Robert J. Thompson (November 30, 1937 – January 28, 2006) was an American politician from Pennsylvania who served as a Republican member of the Pennsylvania State Senate for the 19th district from 1995 to 2006.

Early life
Thompson was born in West Chester, Pennsylvania, to Joseph H. and Winifred Thompson.  He earned a degree in journalism from Penn State University in 1959. He then worked as a photographer for the Philadelphia Evening Bulletin, published in-house magazines for Electric Hose & Rubber Corp. in Wilmington and Lukens Steel Company, and Fidelity Bank. He was the founding director of the Chester County Chamber of Commerce.

Political career
Thompson served on the West Goshen Township Board of Supervisors from 1970 through 1976. In 1979, he was elected to the Chester County, Pennsylvania Board of Commissioners, a position he held until 1986.

State Senate elections
He was first elected to represent the 19th senatorial district in the Pennsylvania Senate in a special election held on November 7, 1995. The special election was triggered by the August resignation of incumbent Republican Earl Baker, with whom Thompson had previously served on the Chester County Board of Commissioners. Thompson defeated Democrat Sara Nichols (along with Libertarian candidate Thomas McGrady, Jr.) by a relatively narrow margin. Thompson's margin of victory was considered stunningly narrow by many political observers.

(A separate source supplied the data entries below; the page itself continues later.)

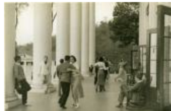
Dance on the porch of Robert E. Lee Hall (2003.7.1.18)
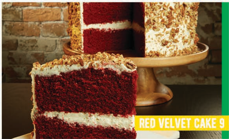
RED VELVET CAKE 9
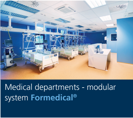
Medical departments - modular system Formedical®
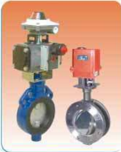
BUTTERFLY VALVE PNEUMATIC AND ELECTRICAL TYPE
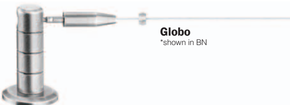
Globo *shown in BN
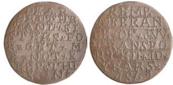
416* Convict token , on a British 1797 cartwheel penny completely shaved smooth on both sides, stipple engraved, "Dear Brother/s And Si/sTERS Fo/rget M/e Not K/keep Thi/s In", on the other side "Reme/mbran/ce Of JW/Transpo/rted 10 Years/1841". Good very fine.

Full details of this piece are on the Convict Records of Australia site.
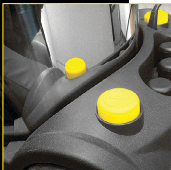
EASY ACTIVATION – Large, easy to access on/off switch
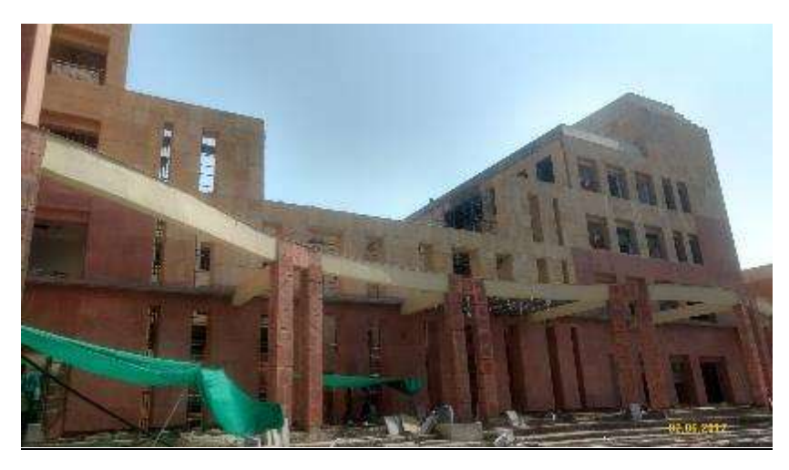
Food Court, Restaurant and Accommodation
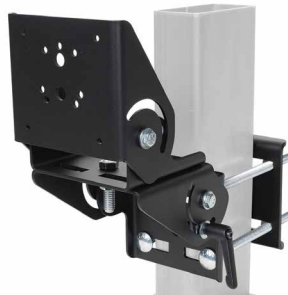
7160-0366 Dual Clam Shell with Small Backer Plate 7160-0367 Dual Clam Shell with Large Backer Plate
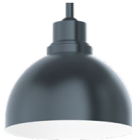
SD1208GV AS - Anodic Sapphire MWI - Matte White Interior
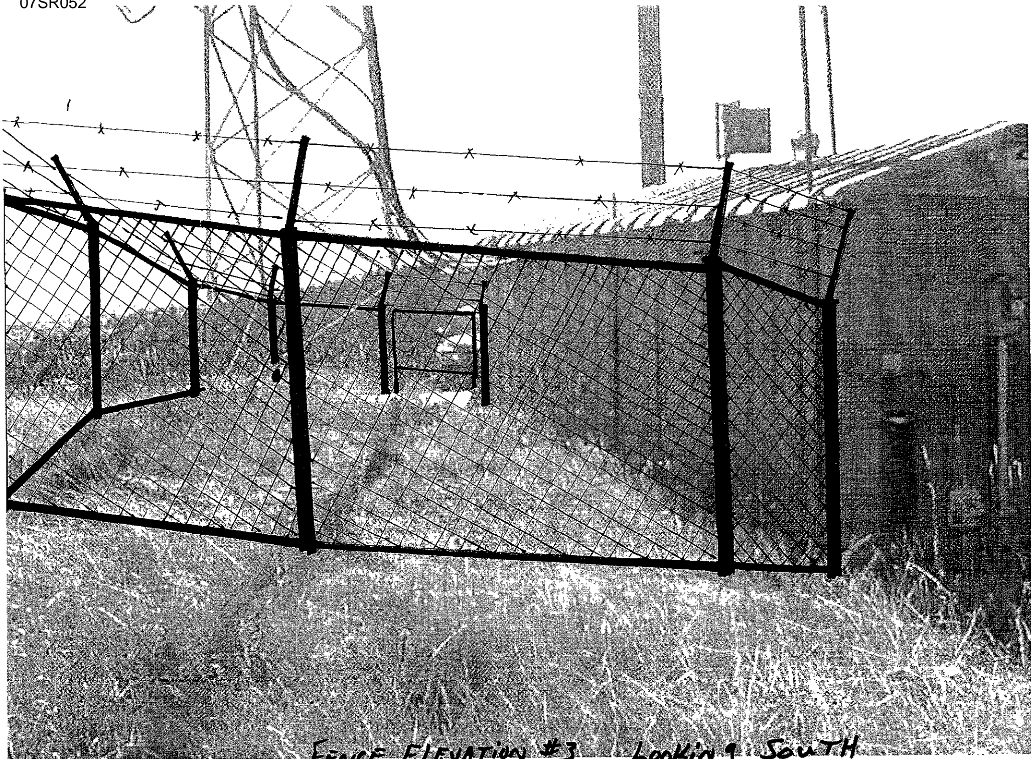
FENCE ELEVATION #3 Looking South

After filing paperwork to challenge Thompson once again the following year, this time for a full term, Nichols withdrew from the race and moved out of the area. By virtue of her stunningly strong showing in the special election, many observers expected the rematch to be close, but Nichols' withdrawal and move was prompted by her husband's acceptance of a position in the Los Angeles area. Democrats selected Downingtown area native and inventory planner Thomas Bosak as Nichols' replacement on the ballot. Thompson went on to defeat Bosak handily.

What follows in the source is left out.